In the semiconductor integrated circuit device, the ground terminal for the internal circuit also serves as the ground terminal for the input/output circuit. Therefore, it is possible to reduce wiring length between the terminals in the semiconductor integrated circuit device. This also reduces wiring length outside the semiconductor integrated circuit device. This contributes to size and cost reduction of the semiconductor integrated circuit device, without degrading performances of the semiconductor integrated circuit device.
For each unit terminal group, the first power source terminal may be connected to the internal circuit via a first power source cell. The first power source cell may include at least one of a first protective circuit and a first bypass capacitor. The second power source terminal may be connected to the associated input/output circuit via a second power source cell. The second power source cell may include at least one of a second protective circuit and a second bypass capacitor. The common ground terminal may be connected to the internal circuit and the associated input/output circuit via a common ground cell. The common ground cell may include at least one of a third protective circuit and a third bypass capacitor. The first power source cell, second power source cell and common ground cell for each input/output circuit may define a unit cell group such that the unit cell group is located next to the unit terminal group.
These and other objects, aspects and advantages of the present invention will become apparent to those skilled in the art when the following detailed description is read and understood in conjunction with the appended claims and drawings.

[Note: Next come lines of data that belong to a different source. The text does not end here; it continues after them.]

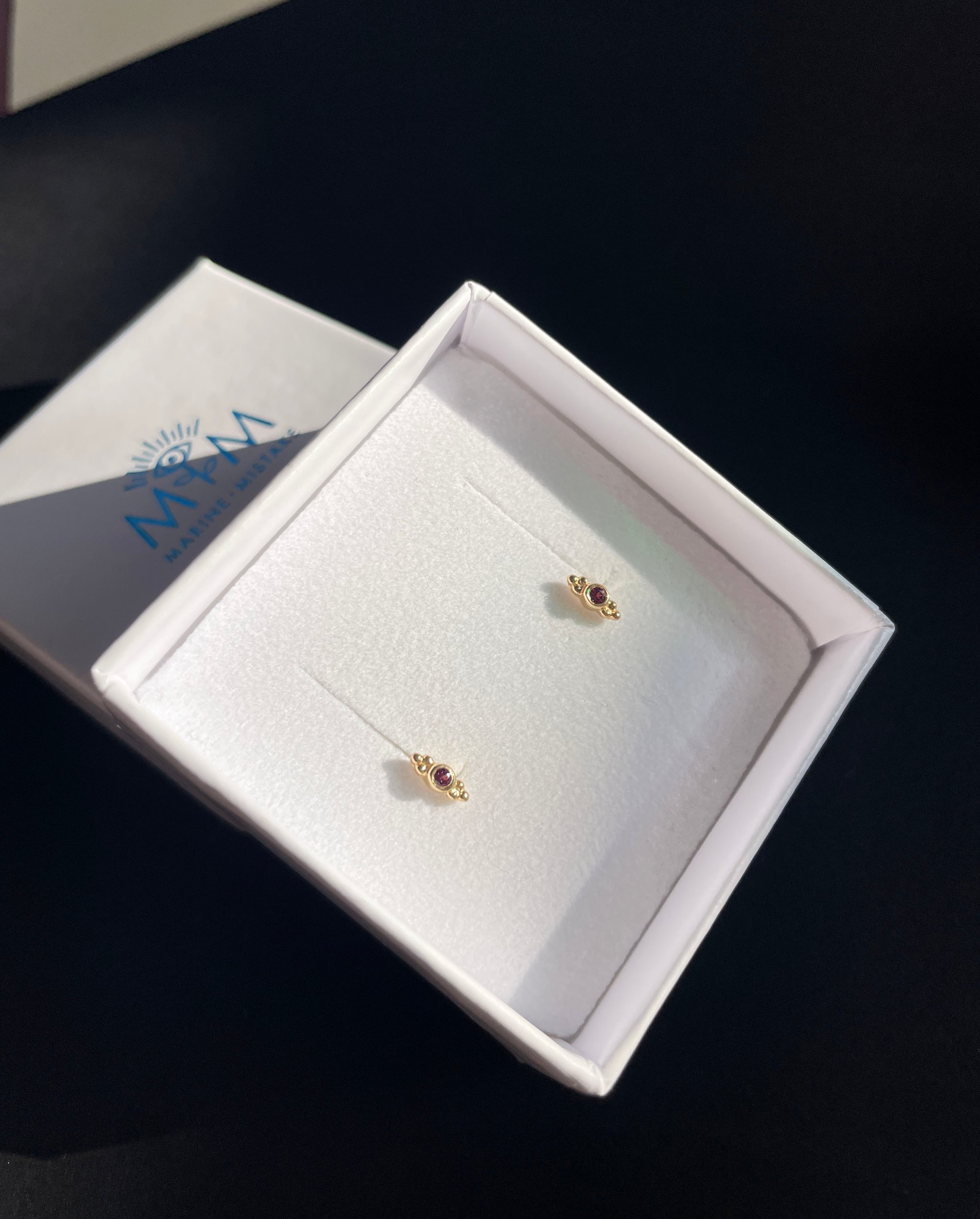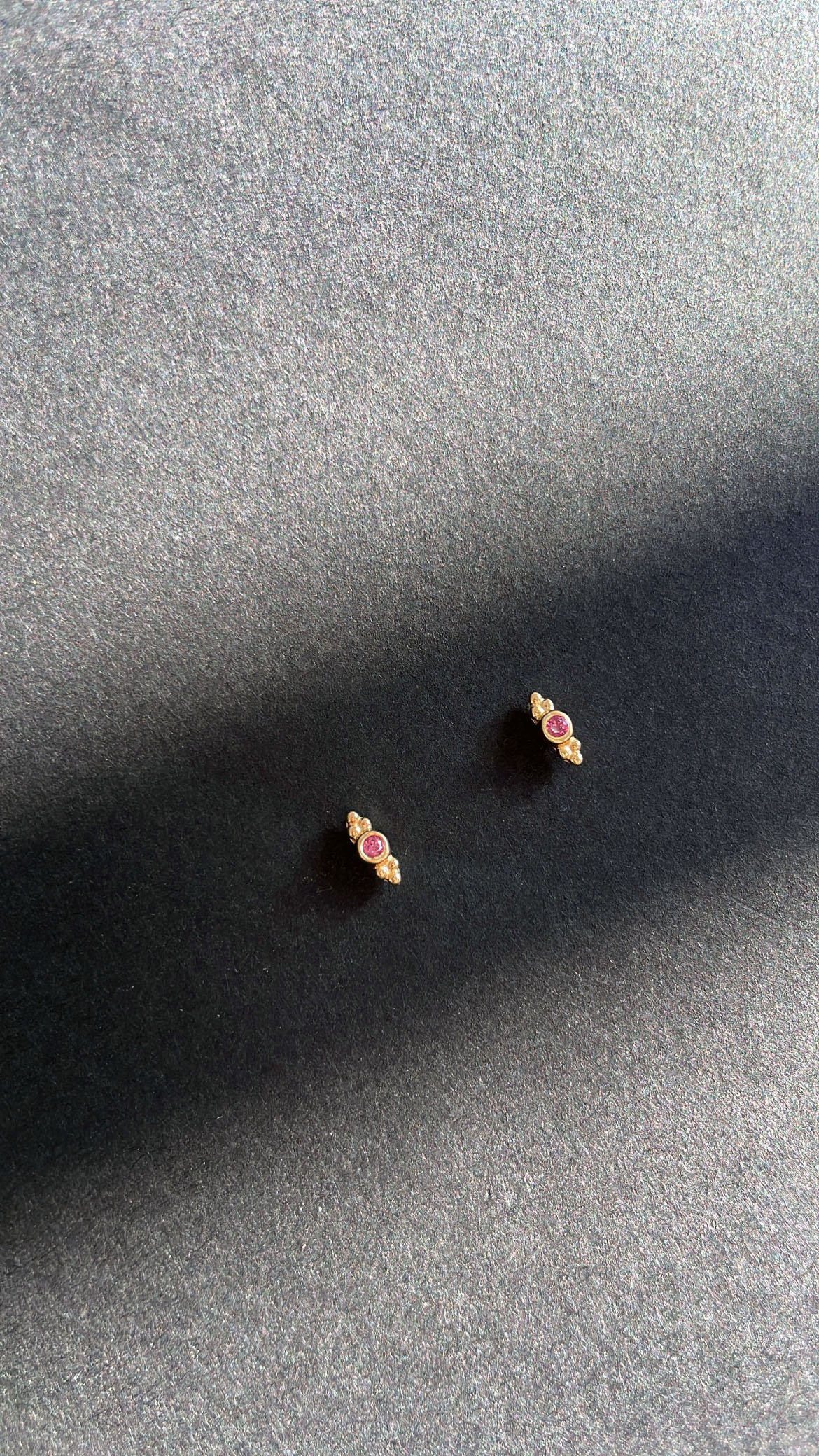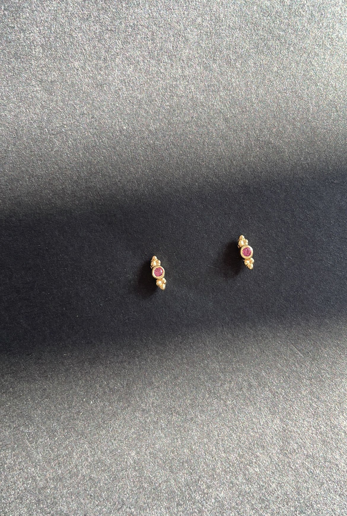Petites puces d'oreilles de 6mm en argent plaqué or, délicatement ornées d'un grenat rose lumineux.
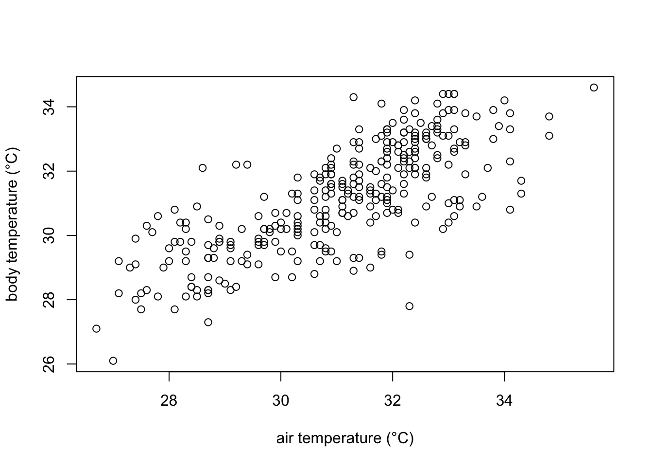 plot(df$ambient.temp.C, df$bodytemp.C,
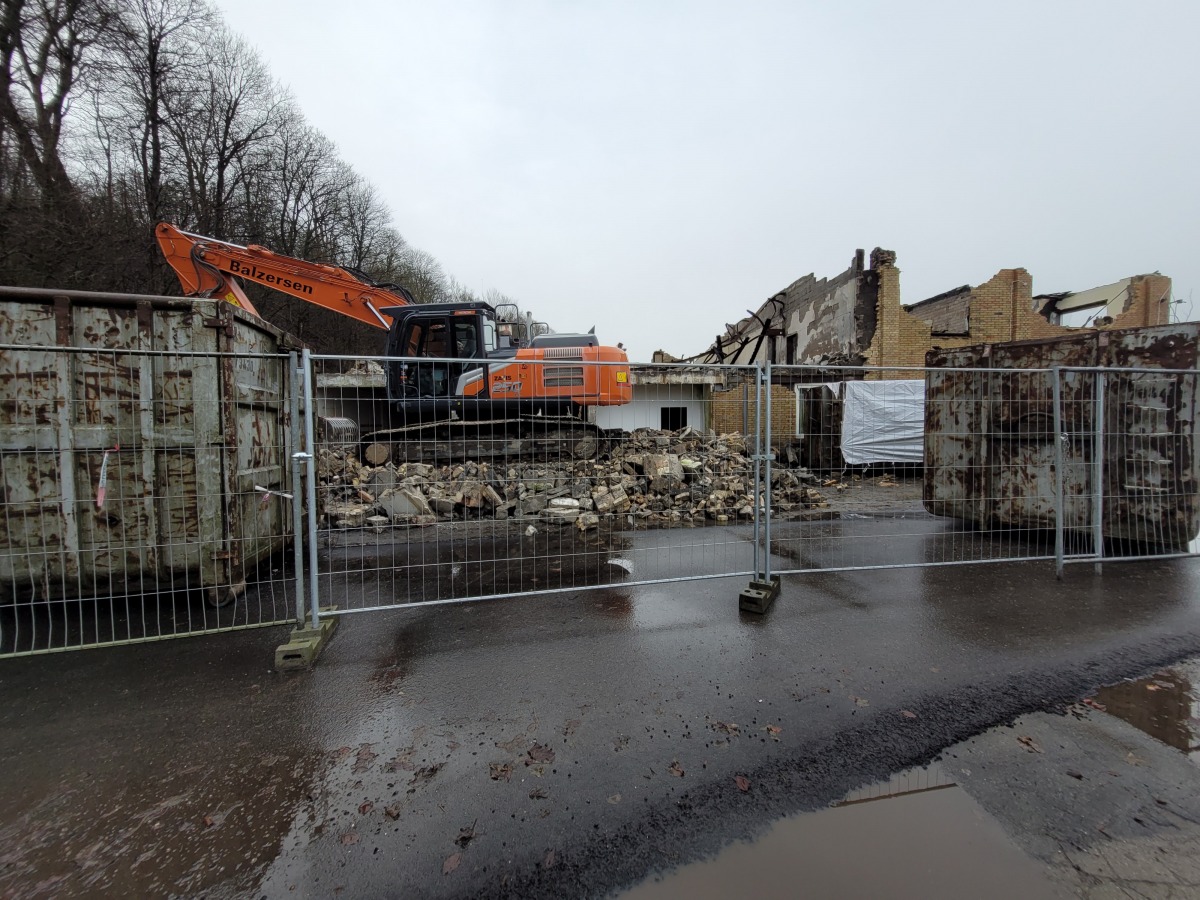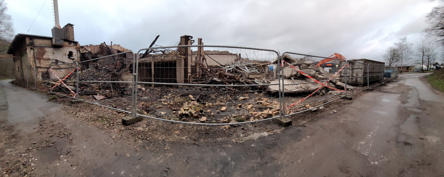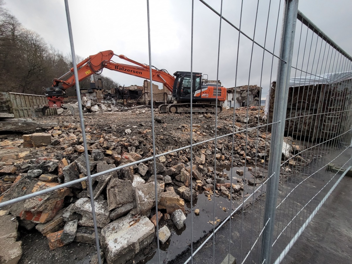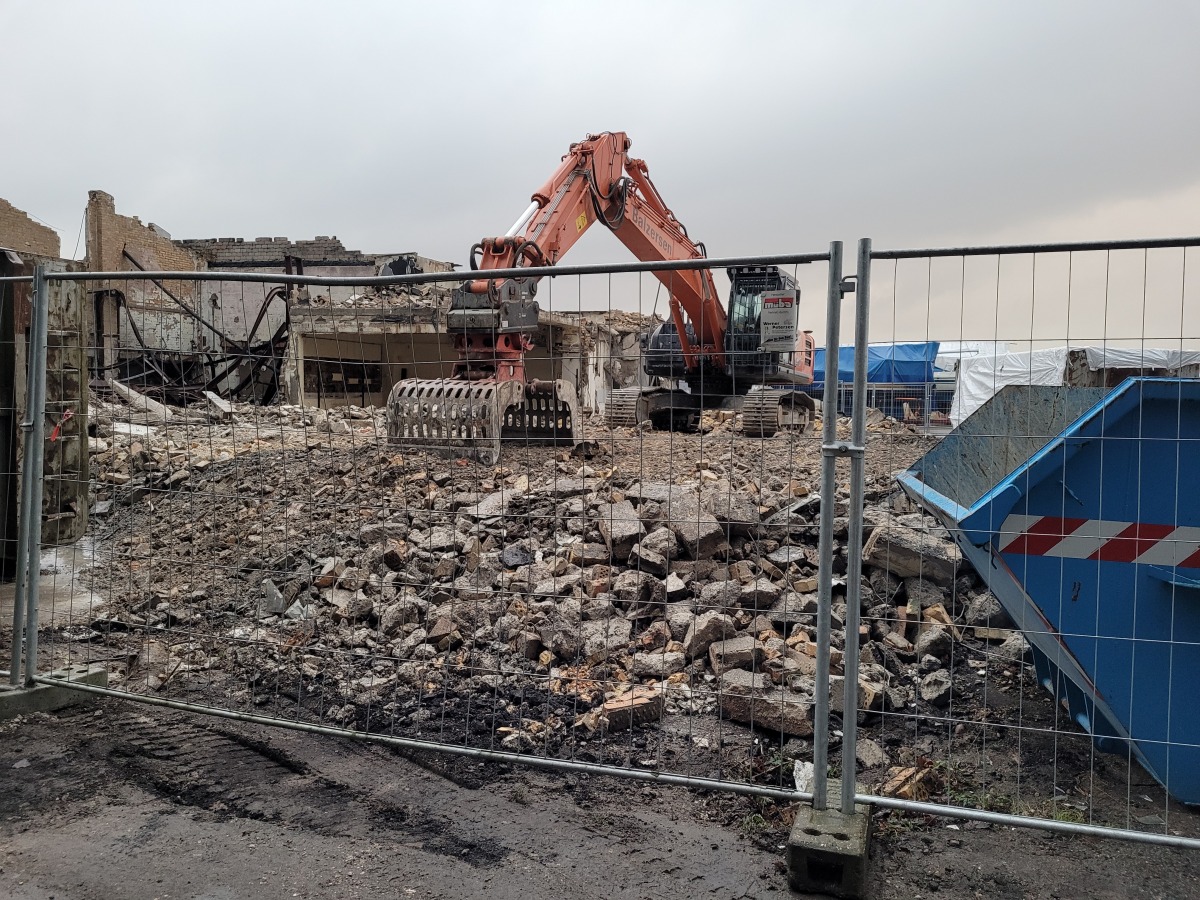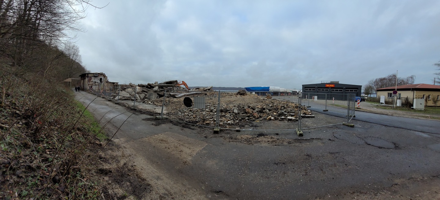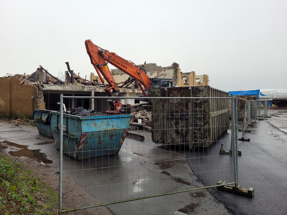 Abriss der alten Flugzeughalle auf Fahrensodde 20 nach dem Brand im Frühjahr 2021.
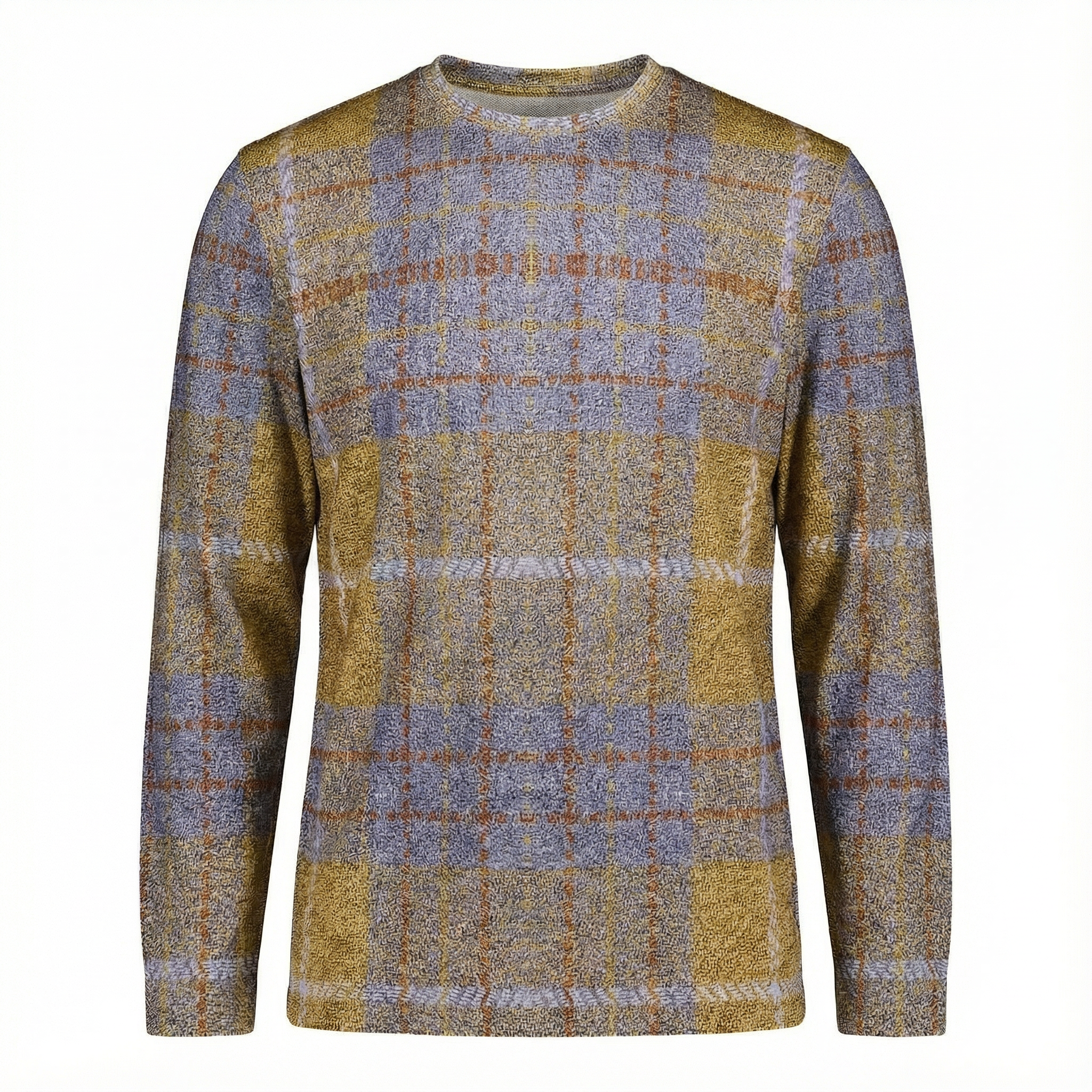 The Lightweight Sweater in classic plaid with warm hues of mustard and soft blue. Made from breathable warm jersey fabric.

BRIEF DESCRIPTION OF THE DRAWINGS

FIG. 1A illustrates a schematic plan view of a semiconductor integrated circuit device according to one embodiment of the present invention;

FIG. 1B is a cross-sectional view of the semiconductor integrated circuit device shown in FIG. 1A, taken along the line 1B-1B;

FIG. 2 shows an enlarged view of the part 2A of semiconductor integrated circuit device shown in FIG. 1A;

FIG. 3 is a block diagram of the semiconductor integrated circuit device shown in FIG. 1A;

FIG. 4 is an equivalent circuit diagram of various cells in the semiconductor integrated circuit device shown in FIG. 1A;

FIG. 5 is a schematic plan view of the semiconductor integrated circuit device mounted on a board;

FIG. 6A illustrates a plan view of another semiconductor integrated circuit device according to a second embodiment of the present invention;

FIG. 6B is an enlarged view of the part 6B of the semiconductor integrated circuit device shown in FIG. 6A;

FIG. 7A is a schematic plan view of a semiconductor integrated circuit device according to a third embodiment of the present invention;

FIG. 7B is an enlarged view of the part 7B in FIG. 7A.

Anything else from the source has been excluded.